Diablo III Auction House Explained

If you’re curious about just how the Diablo III Auction House is going to work, with all its in game gold and real life scratch, Blizzard has posted a detailed layout of how this is all going to come together. This is basically a getting started guide but I found some pretty handy info here.

Like:

Before you post your auction, you’ll see any fees that apply to your listing displayed in the center section of the Sell tab. These fees will only be charged if your auction successfully sells, and will automatically be deducted from the item’s final selling price.

There are a lot of fees involved.

So, basically, like PayPal and eBay.
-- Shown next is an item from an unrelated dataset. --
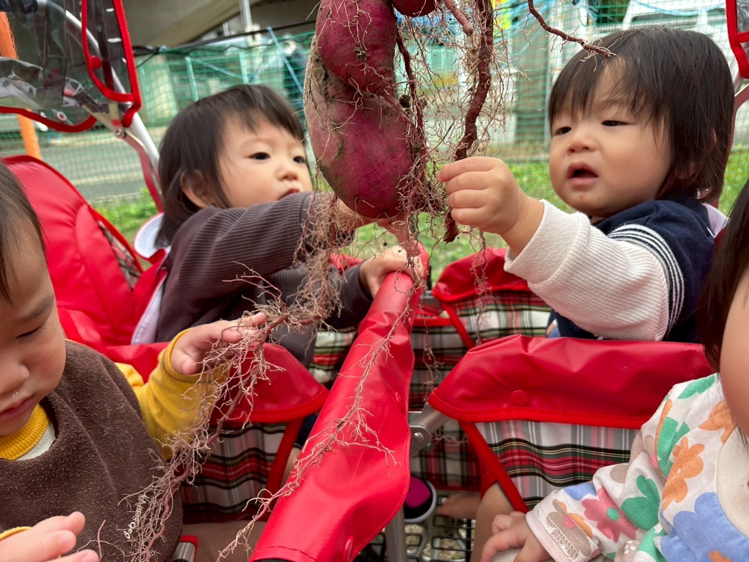 「今度おやつでたべようね~」という先生の言葉に、((これ食べるの?))と不思議そうな顔をするお友だちもいましたが、芋ほりの雰囲気を楽しめて、大満足のうみ組・だいち組さんでした。

This all feels really dirty to me for some reason, but I suppose this is better than people going to eBay and hawking these fake swords and magical doo-dads and eBay getting the cut and not Blizzard.
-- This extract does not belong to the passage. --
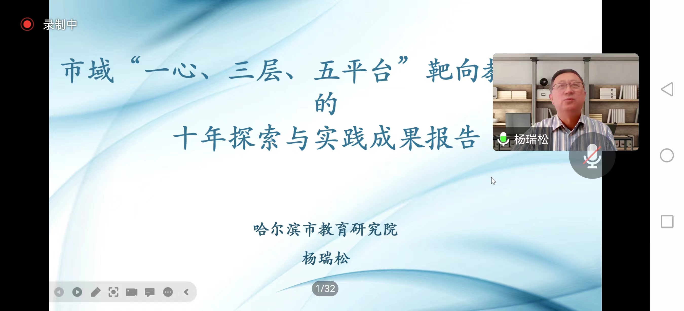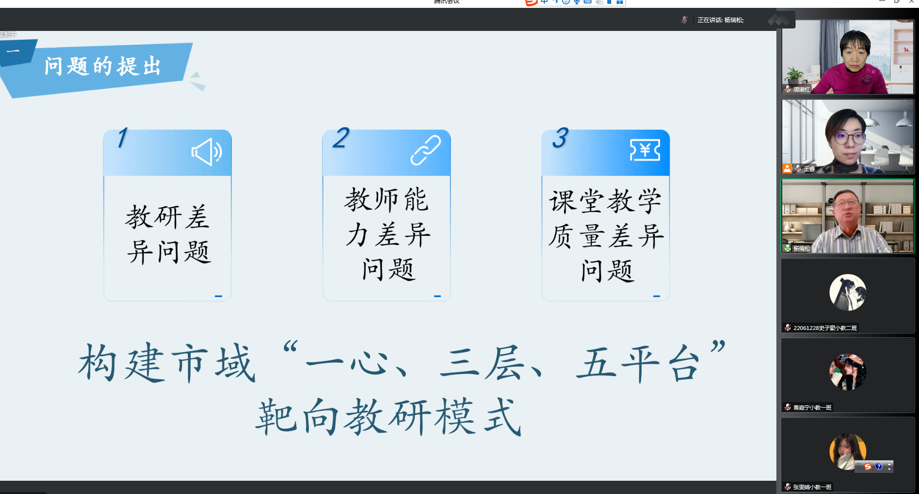 本次讲座主要围绕“‘一心三层五平台’靶向教研模式”展开,即以“聚焦问题精准施策,课堂提质师生发展”为核心,市区校三级联动,教学展示、基地教研、团队教研、网络教研、主题教研五平台协同互动的教研模式,破解城乡教师能力、课堂教学质量、教学资源差异等问题,推动教学改革形成“四位一体”育人课堂新样态,提升全市的教育教学高质量发展。杨瑞松老师介绍了“一心三层五平台”靶向教研模式的实施策略:提供课堂教学展示平台,优化教学研究;夯实基地建设引领平台,推进典型引路;搭设网络教研共享平台,放大教研功效;建设教师团队研修平台,助推教师专业成长;创设主题教研交流平台,实现教研精准实施。“一心三层五平台”靶向教研模式的主要成效包括:形成了“一心、三层、五平台”靶向教研模式,推动了本土化教研工作理论研究与实践;构建“四位一体”育人课堂教学理论,丰富了学科全程全方位育人经验;转变课堂教学方式,形成落实学生核心素养的实践研究成果;形成线上线下相融合的教研模式;通过三级联动五平台推进,实现教育教学教研均衡发展。

Sidenote: If you spend real money on an item in Diablo III we can no longer be friends, by the way.

Really.

Thanks PA Report.

9 Responses to “Diablo III Auction House Explained”

  1. Gormongous May 2, 2012 at 6:20 am #

    Does that mean we’re friends right now? Like, we could get together on Saturday and do a tag-team playthrough of The Witcher 2?

    Also, the sinking feeling in my gut says that you’ll be pretty short on friends once Diablo III launches. For some people, the narrative of finding the gear matters more, but most just like to see it in action and will pay to experience that as often as possible.

    • jefftalor May 2, 2012 at 11:50 am #

      Money is just a substitute for grinding time. If you want that great sword of awesomeness do you want to grind 10 hours or pay $10?

      • BlackAdderBG May 3, 2012 at 11:31 am #

        But what is the point to buy “great sword of awesomeness”?To grind “awesome great sword of awesomeness”? :D

  2. SethD04 May 2, 2012 at 11:49 am #

    I spent the extra $40 for the collector’s edition… the main reason being the exclusive in-game aesthetic enhancements. Are we enemies now?

    • Bill Abner May 2, 2012 at 1:12 pm #

      Hah, ok, a clarification.

      I don’t begrudge anyone for spending $$ on a game. Be it an expensive CE box set or a $10 DLC. We all play and buy games here. A quick peek at my basement and the included boardgame collection says a lot about how I spend my disposable income.

      That said, using real $$ to buy in game loot in a game like Diablo is the ultimate sucker bet. I have several friends who spent real $$ on WoW items — one guy dropped $110 for an item that he used for 4 days until he found a better one.

      Using real $$ also mucks up the in game economy, especially when things like PvP are involved.

      It’s like that scene in Evil Dead.

      “It’s a trick, get an axe.”

  3. Caralon May 2, 2012 at 12:13 pm #

    What if I play Diablo and SELL my items for real money?

    • Bill Abner May 2, 2012 at 12:44 pm #

      Then we’re good. In fact — deftly played.

  4. Ivan Kopecek May 2, 2012 at 10:54 pm #

    Buying Diablo III to sell items in AH to pay the next expansions and SC2 … let’s see how long it will take me …

  5. Averice May 3, 2012 at 4:25 am #

    I didn’t like the idea at all at first, but after awhile, be it apathy or epiphany, I just stopped caring. If some people are going to have more fun that way, then that’s great good for them, I won’t be grouping with randoms, and if my friends want to buy something then well, they’re my friends.
    I’ll still be buying things off the of the gold AH, and if I ever really want something off the RMAH then I can sell gold for $$. It really just seems like buying something with US Dollars or Canadian dollery doo’s, I may be using more of one to buy it, but the end value is still the same.